"I think that's inconsistent with the hypothesis that unclean shutdown is the sole cause of these problems"

I agree, we just never shut down any node, neither had any crash, and yet we have these bugs.

About your side note :

We know about it, but we couldn't find any other way to be able to provide real-time analytics. If you do so, we would be really glad to hear about it.
We need both to serve statistics in real-time and be accurate about prices and we need a coherence between what's shown in our graphics and tables and the invoices we provide to our customers.
What we do is trying to avoid timeouts as much as possible (increasing the time before a timeout and getting a the lowest CPU load possible).
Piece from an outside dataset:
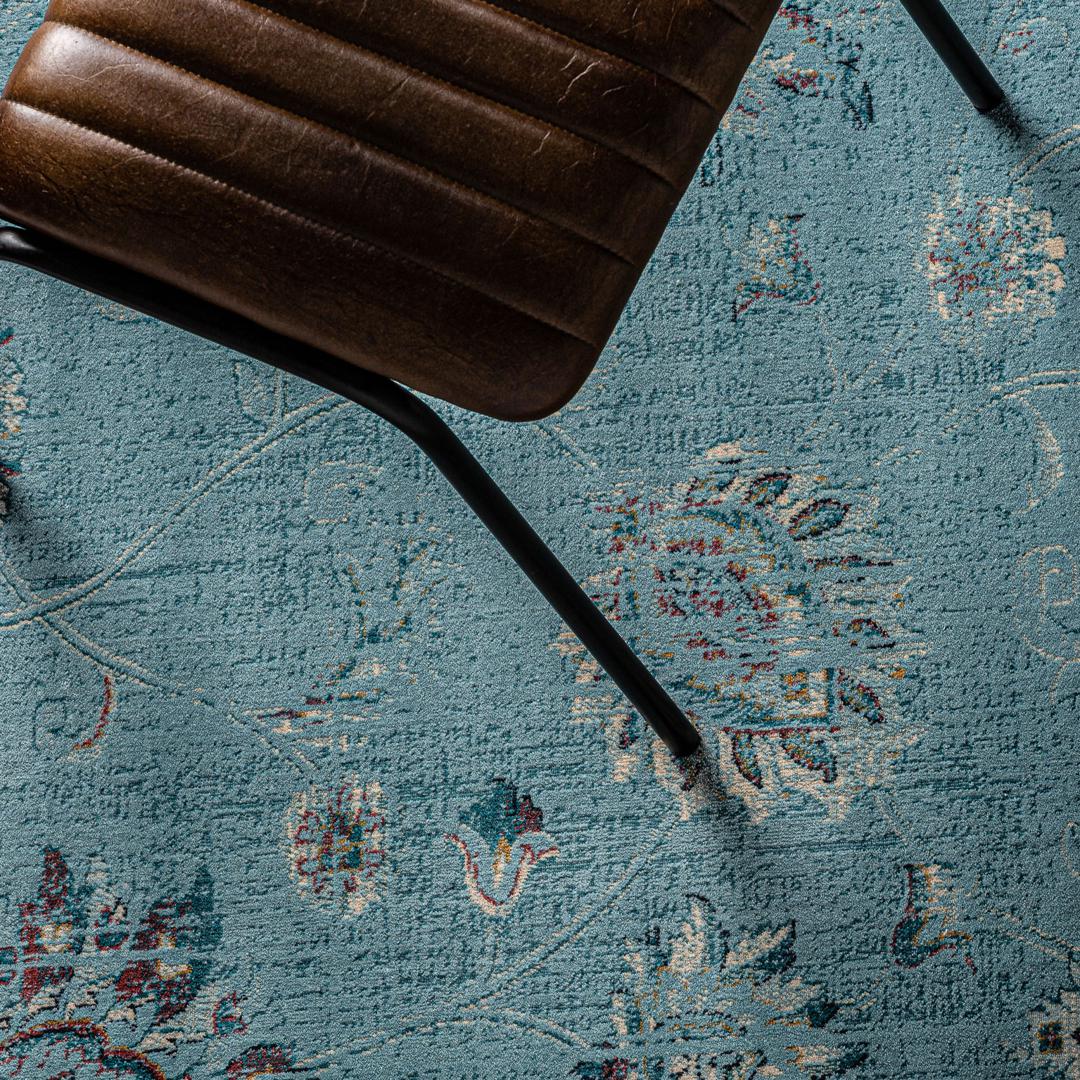 Элегантность и эксклюзивность исходят от этого ковра из шенилла и вискозы в бирюзово-голубых тонах. Яркий, но гармоничный внешний вид делает ковер впечатляющим в комнате и вдохновляет дом яркими и контрастными стилями.
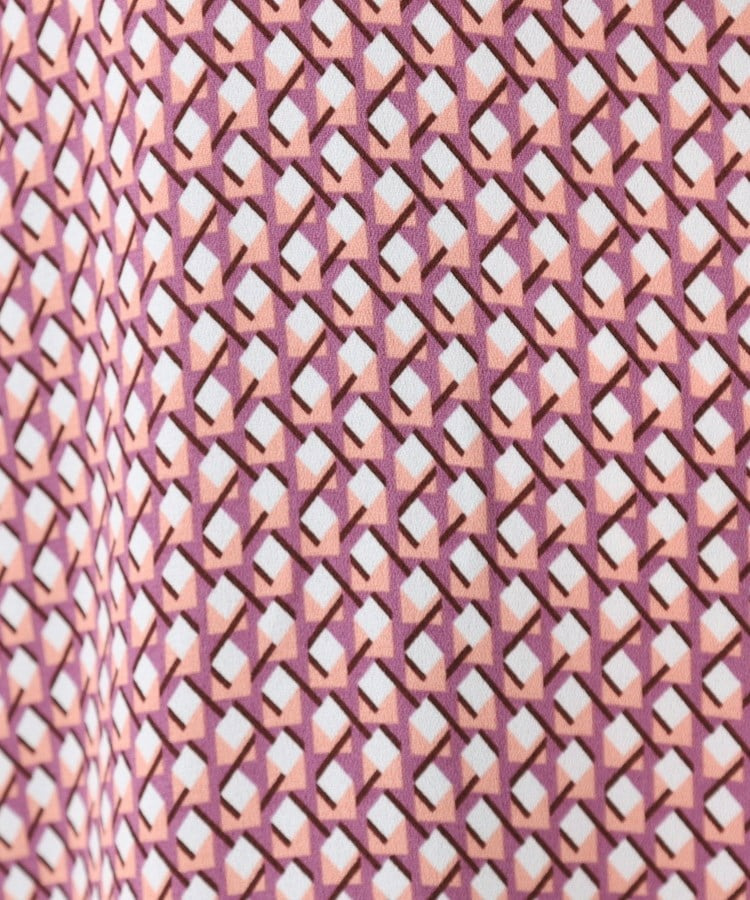 膨らみ感と優しい風合い、ドレープ性のある135Dのポリエステル梨地ジョーゼットに、インポート図案をプリントした素材です。

In order to keep a low latency for the user we write first the events in a queue message (Kestrel) and then we process it with storm, which writes the events and increments counters in Cassandra.

Once again if you got a clue about a better way of doing this, we are always happy to learn and try to enhance our architecture and our process.


2012/9/20 Peter Schuller <peter.schuller@infidyne.com>
The significance I think is: If it is indeed the case that the higher
value is always *in fact* correct, I think that's inconsistent with
the hypothesis that unclean shutdown is the sole cause of these
problems - as long as the client is truly submitting non-idempotent
counter increments without a read-before-write.

As a side note: If hou're using these counters for stuff like
determining amounts of money to be payed by somebody, consider the
non-idempotense of counter increments. Any write that increments a
counter, that fails by e.g. Timeout *MAY OR MAY NOT* have been applied
and cannot be safely retried. Cassandra counters are generally not
useful if *strict* correctness is desired, for this reason.

/ Peter Schuller (@scode, http://worldmodscode.wordpress.com)